Decomposing PointGAN: Teaching a Machine to Generate a Single Point
This article walks through building and analyzing a minimal GAN—PointGAN—that learns to output the single value 1, covering the linear generator, a two‑layer discriminator, training loops, loss visualizations, instability diagnostics, and practical fixes such as loss easing, weighted examples, weight decay, and noisy generator parameters.
Introduction
The goal is to construct a very simple GAN whose task is to generate a single numeric point (the value 1).
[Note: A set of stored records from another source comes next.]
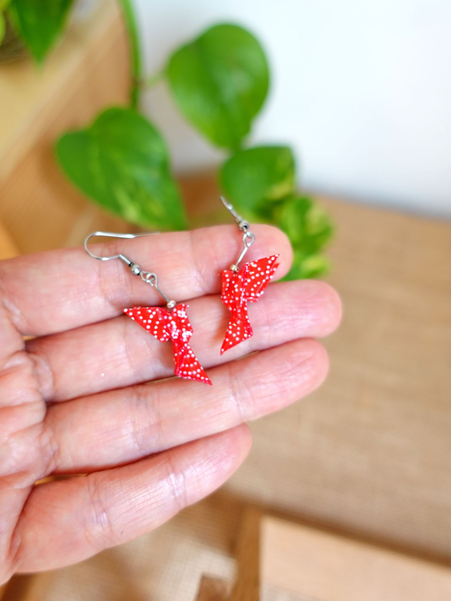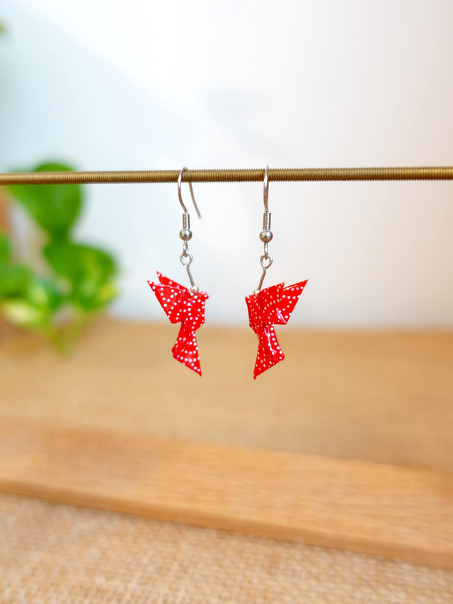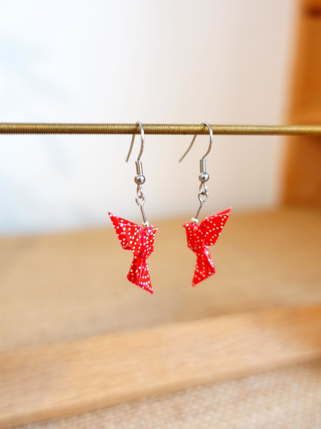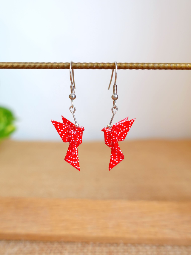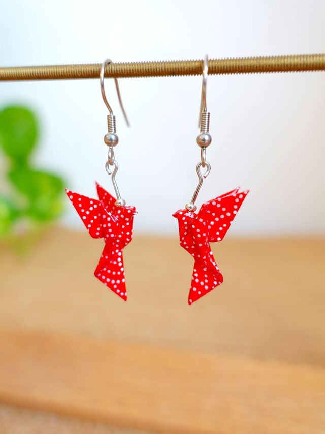 Origami Colombe, oiseau / INOX / Boucles d'oreilles / Papier japonais washi / Rouge à pois blancs, Argent / Bijou japonais origami /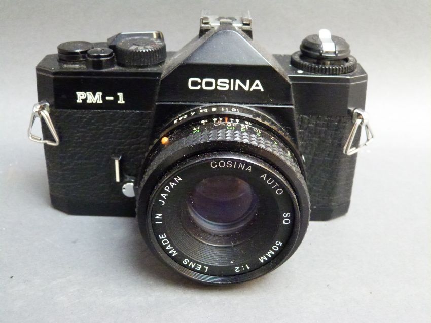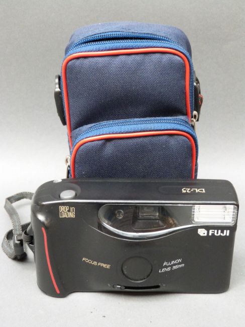A collection of cameras, lenses and accessories to include Olympus OM 20, Fuiji DL25 35mm, Sigma wide angle lens, Canon Power Shot A470 digital camera etc.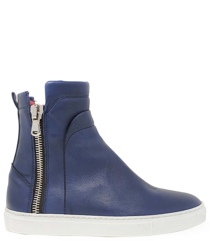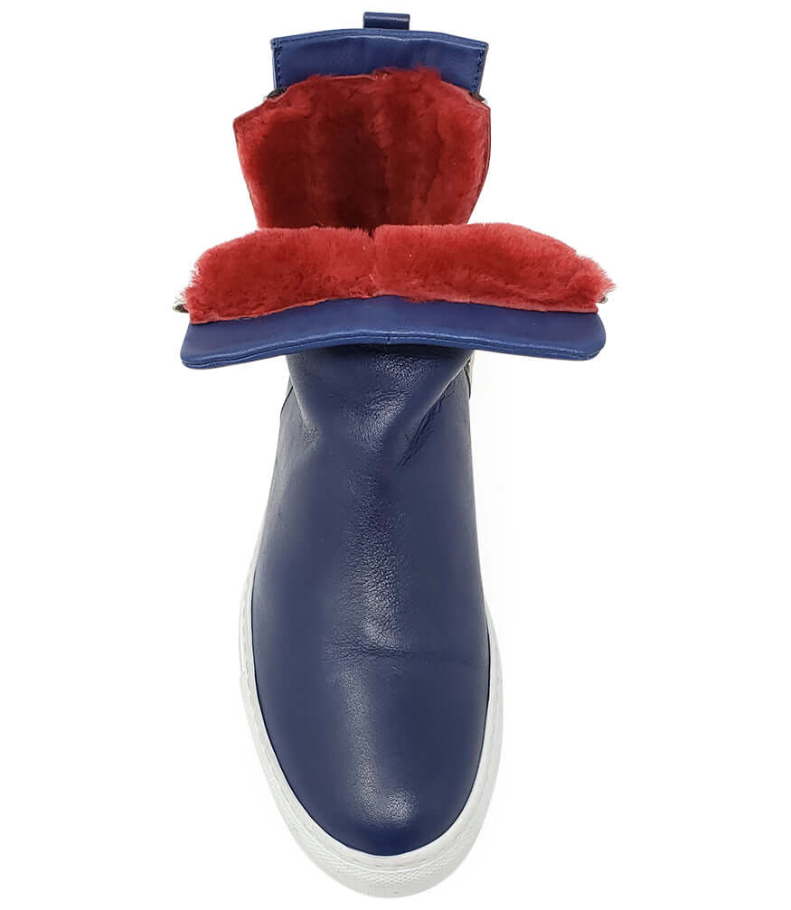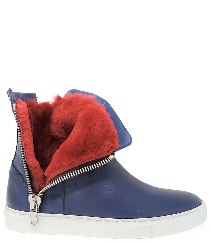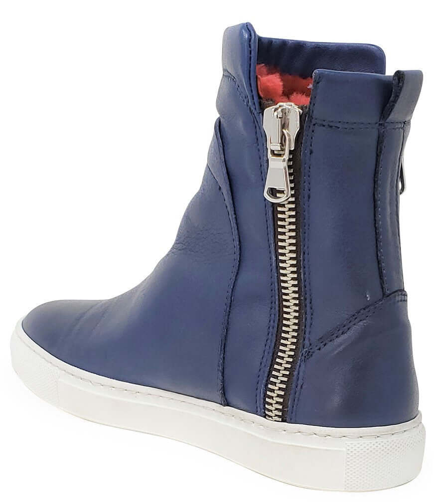 The Navy Leather Double Zip Shearling Sneaker, also known as the Madison Maison Hi-Top Sneaker, is a fashionable and comfortable shoe perfect for cold winter days. Made in Italy, this sneaker features a luxurious shearling lining and a durable rubber sole, with a 6.5 inch shaft and 1 inch heel. The leather and Shearling Lining adds a touch of elegance to this casual design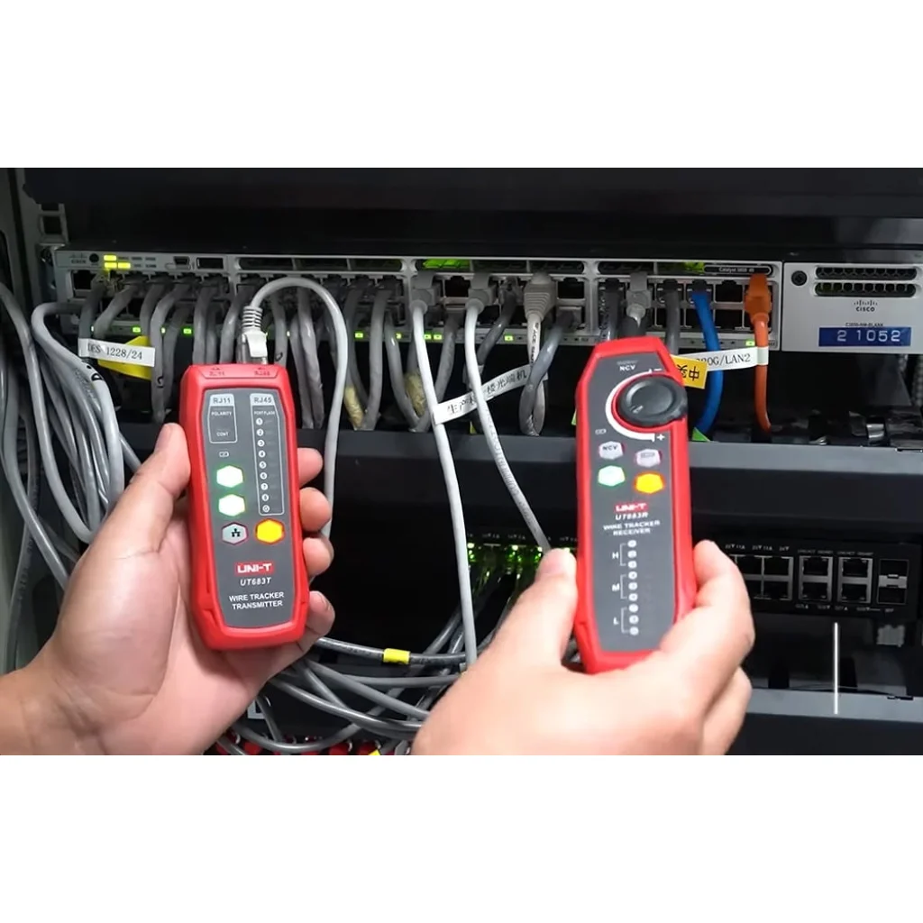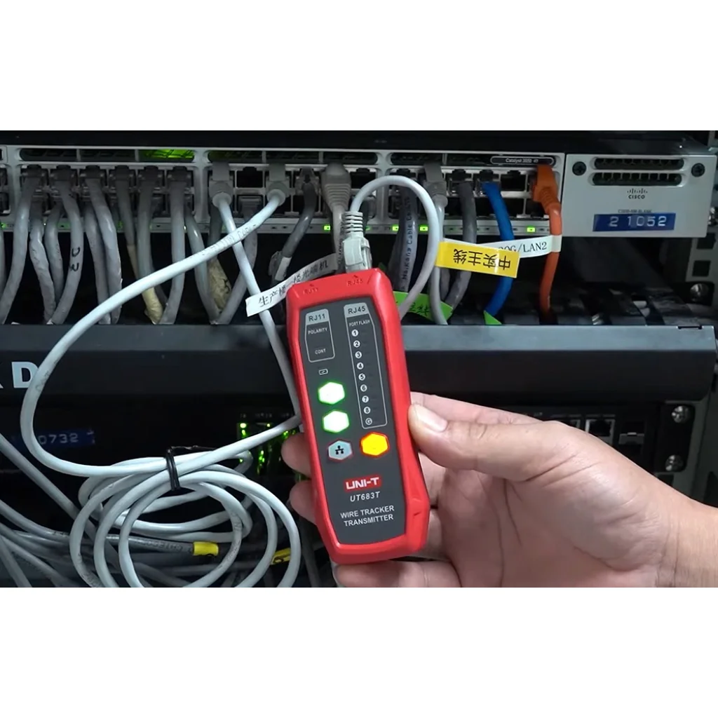 Az UT683KIT képes gyorsan bemérni egy vezetéket a kötegben, és pontosan meghatározni a hiba helyét - még 3000 métert meghaladó kábelhossz esetén is (RJ11 esetén). Lehetővé teszi továbbá a kábel folytonosságának ellenőrzését és a rövidzárlat vagy szakadás vizsgálatát (10 kΩ-ig), valamint a polaritás azonosítását. A portok megvilágítási funkciója tovább könnyíti a helyes csatlakozások ellenőrzését.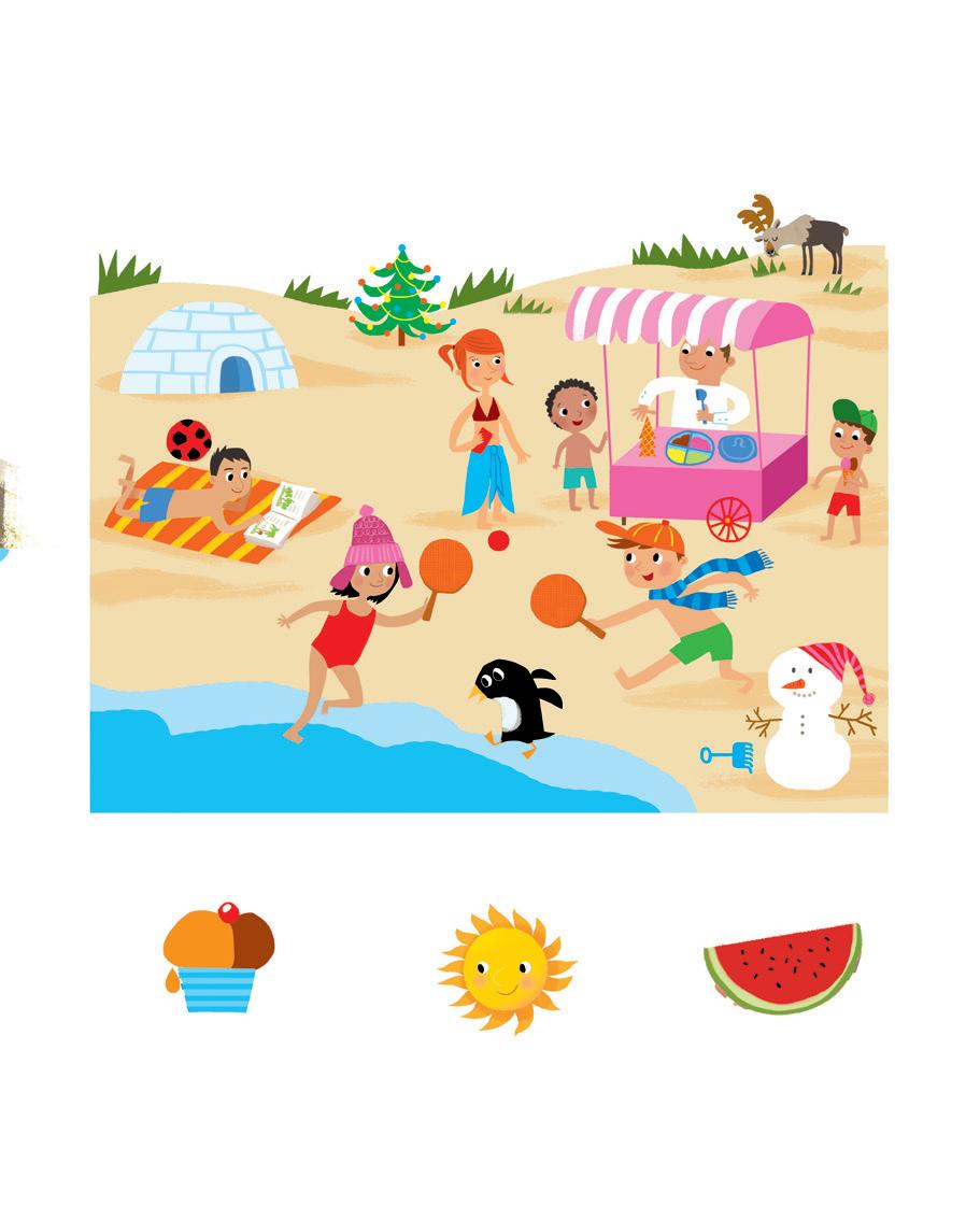 Osserva l'immagine e cancella con una x gli oggetti intrusi che non ti fanno pensare all’estate. Sono sette.

The generator is a single‑neuron linear model, and the discriminator must learn a bell‑shaped probability function.
1. Baseline Training
1.1 Common Terms
The generator maps a random input x in [-1, 1] to an output y via a linear function: y = w * x + b Solving for the target output y = 1 yields w = 0 and b = 1, a vertical line that always outputs 1 regardless of x:
w = 0
b = 1The discriminator must output the probability that its input is real. A simple two‑hidden‑node MLP is used:
l1 = torch.nn.Linear(1, 2)
l2 = torch.nn.Linear(2, 1)
x = l1(x)
x = torch.tanh(x)
x = l2(x)
x = torch.sigmoid(x)Running a forward pass on a range of inputs visualizes both functions:
1.2 GAN Training
Training alternates between updating the generator and the discriminator. Random inputs are drawn from torch.rand([BATCH_SIZE, 1]) * 2 - 1. The generator output and real label (all ones) are fed to the discriminator, and binary cross‑entropy loss is computed.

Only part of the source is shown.